Affording Health: Promising solutions, but poor results

This five-part, subscribers-only series is exploring the crisis of health care affordability as it relates to employers and employees in the Corridor. This final installment focus on strategies that have (and haven’t) worked for cost containment and what changes consumers can expect in the years ahead. Read the first four installments at corridorbusiness.com, and share your perspectives with the CBJ’s news team on our Facebook and Twitter pages, #CBJhealth 

By Dave DeWitte
dave@corridorbusiness.com

There have been many beacons of hope for making health care more affordable over the past decade. One of the most promising has been taking a consumerist approach.

It held that patients are just like other consumers. If they just had the incentive to save money, such as a high-deductible health plan that would require them to pay the first $2,000 or $3,000 out of pocket, they would shop for the best health care at the best possible price.

Consumerism first required that medical providers share their prices for things like medical procedures and overnight hospital stays. It also required that data be available about patient outcomes, such as how many patients had to be readmitted to the hospital in the weeks after a procedure, and how many caught infections while they were receiving care.

The Health Policy Corp. of Iowa, a coalition of self-insured businesses, has been among those working for years to provide the cost and quality information patients need to become good consumers.

“Times have changed, because we haven’t been able to get consumerism to work in Iowa,” said Paul Pietzsch, the group’s president. “The data was out there, but they didn’t use it.”

Why didn’t it work? Employee benefits executive Den Bishop came to a conclusion while researching his recent book, “A Voter’s Guide to Health Care”: Patients don’t think like consumers.

When faced with pain, limitations or incapacitation due to illness or injury, or seeing loved ones in such circumstances, we tend not to shop around, said Mr. Bishop, president of insurance brokerage Holmes Murphy & Associates. We simply follow what we think is the best medical advice available.

“You aren’t a consumer – you’re a husband, you’re a wife, you’re a mom,” he noted. “You’re going to do whatever it takes.”
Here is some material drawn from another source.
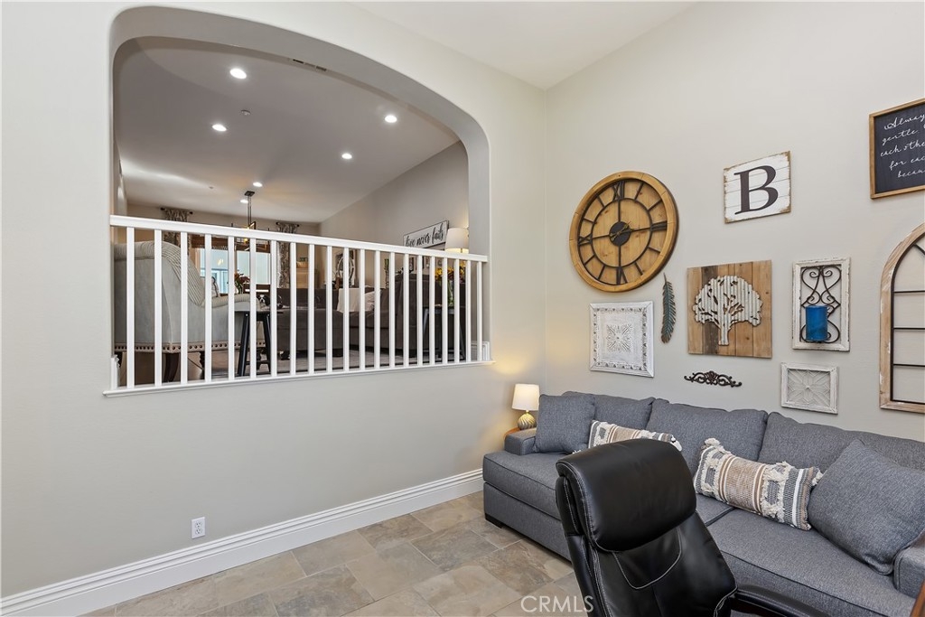 Location, location, the BEST location! Welcome to this tri-level beauty, located in the highly sought after Owens Cove Dos Lagos in Corona. From the superlative front porch you will love peering out to the HUGE front grassy area, and with the stately CLUBHOUSE AND POOL just steps away, makes this former model home even better! Upon entrance, you will be warmly greeted in to a spacious front den/formal living room, and then up a few stairs from there you will find the open family room that showcases a lush view of the green way. The Kitchen is a chef's dream featuring stainless steel appliances, white cabinets with upgraded granite counter tops and a beautiful tile back splash. The upper level boasts the master bedroom featuring lovely white built-in dresser drawers and a spacious walk-in closet. The HUGE inviting bathtub and stand alone shower makes for the perfect retreat! The other master bedroom is great size, offers plenty of closet space and is complete with an ensuite full bath. The washer and dryer are located in the hallway between the bedrooms, making laundry time quite convenient! With plenty of storage located in the garage its easy to stay organized. The expansive greenbelts and community amenities makes for resort-like living.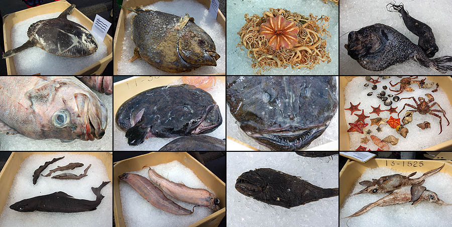 ![]() ![]() ![]() De nombreuses autres espèces peuplent le ciel islandais, migratrices ou résidentes, cygnes, oies, diverses variantes de mouettes, mais honnêtement nos compétences ornithologiques sont limitées. Si vous les reconnaissez en détail, on est preneurs ! ![]() Ces sternes arctiques semblent préférer le confort et la relative chaleur du bitume. C'est sûr, ce n'est pas un peu plus haut au Groenland complètement dépourvu de routes qu'elles vont en trouver beaucoup. ![]() ![]() ![]() ![]() Bel étourneau dans les rues de Reykjavik. ![]() Une expo sur le port de la capitale donnait l'occasion d'"admirer" sur glace quelques-uns des magnifiques poissons pêchés dans le coin, parmi lesquels le poisson-soleil (tunglfiskir ou mola mola), la lamproie (gudlax), l'angler des profondeurs (skötuselur), le poisson à crocs (bjùgtanni), le requin-feuille (raudhàfur), le poisson-rat (geirnyt) ou encore le crabe-roi rouge (kòngakrabbi). Euh... en fait, on les préfère en filets siouplait ! ![]() | |||||

Meanwhile, the high-deductible health plans coming into vogue were proving problematic. Employees didn’t want to pay for health care visits out of pocket, so they were making fewer doctor visits. That meant health conditions that could have been caught and addressed at early stages were ballooning.
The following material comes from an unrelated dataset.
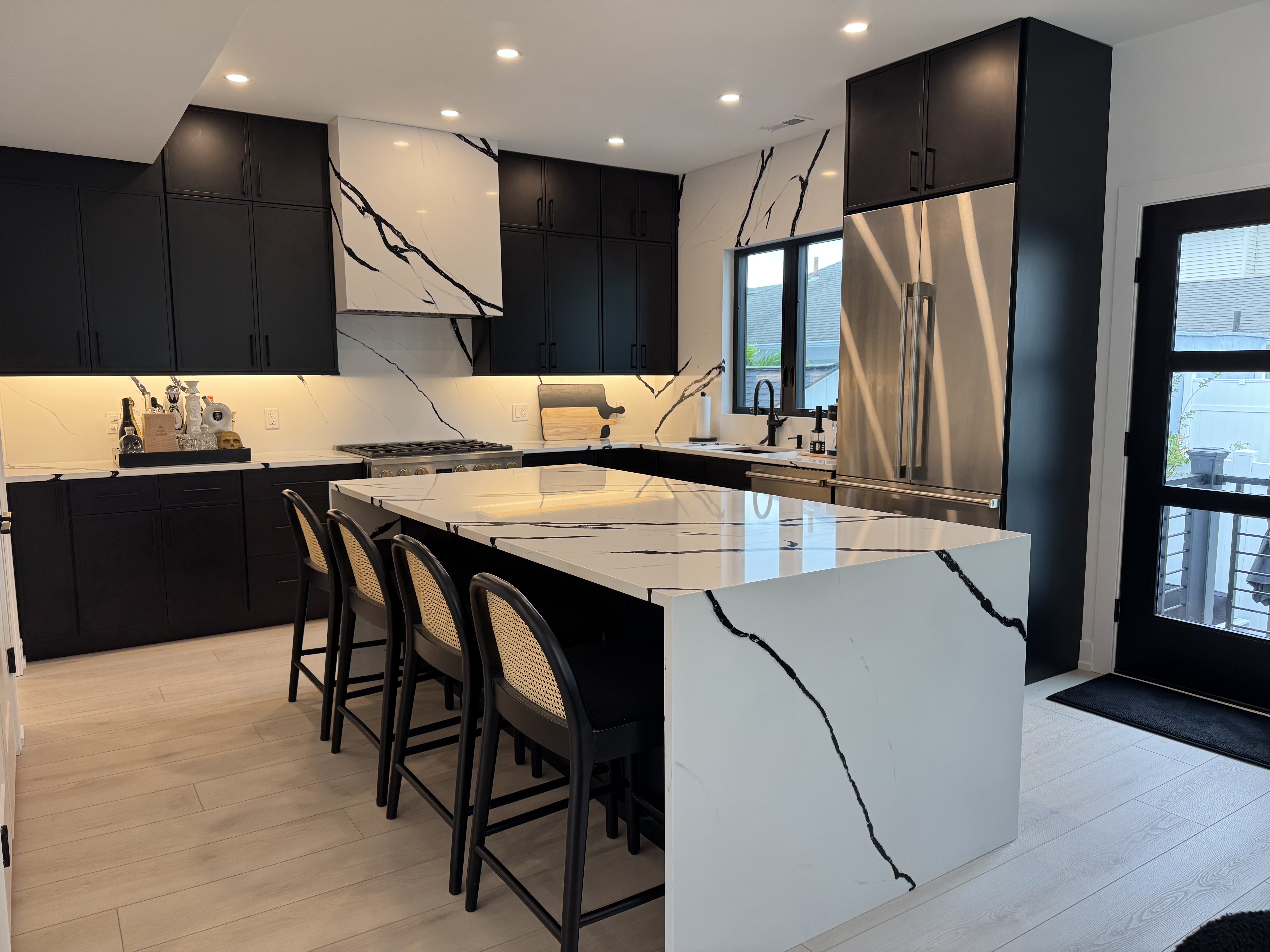 The customer completely renovated her kitchen to create a brighter, more modern space and chose MSI Calacatta Lumanyx quartz to achieve that vision. With its bold white background and dramatic black veining, this quartz instantly became the centerpiece of the design. The addition of a unique mitered hood made from the same material elevated the project into a true showpiece. The result is a kitchen that feels sleek, open, and undeniably stylish—a renovation that blends practicality with a striking contemporary look.

That was only part of the problem, however. Most of those on high-deductible plans don’t spend enough to meet their annual deductible, “and so the vast majority of people get no benefit,” Mr. Bishop said. “And the inflation rate on high-deductible plans is actually worse [than on traditional plans].”

“What’s happening is people are worried about the out-of-pocket costs,” he continued. “And we’ve created this whole category, called ‘the underinsured.’ It means they have health insurance, but nobody at my house can afford to get sick. We don’t have the money to pay the deductible or out-of-pocket, but we still have the insurance.”

Another great hope for lower health care costs in the past decade has been employee wellness. This idea also seemed to make sense. By supporting, enabling and even incentivizing employees to take better care of themselves, the concept holds, they will become healthier and require less medical care.

The wellness movement brought a surge in sales of movement-monitoring devices like the Fitbit and phone apps that track daily calorie intake and nightly sleep. But it ultimately did little to bend the health care cost curve.

Mr. Bishop’s research suggests the problem was self-selection. The employees who jump onto the wellness bandwagon tend to be those who already are at least in fair health. Those with serious chronic health conditions like heart problems, diabetes, obesity or substance abuse issues tended not to participate for a variety of health and personal reasons. They also tended to be the employees with the highest overall health care costs.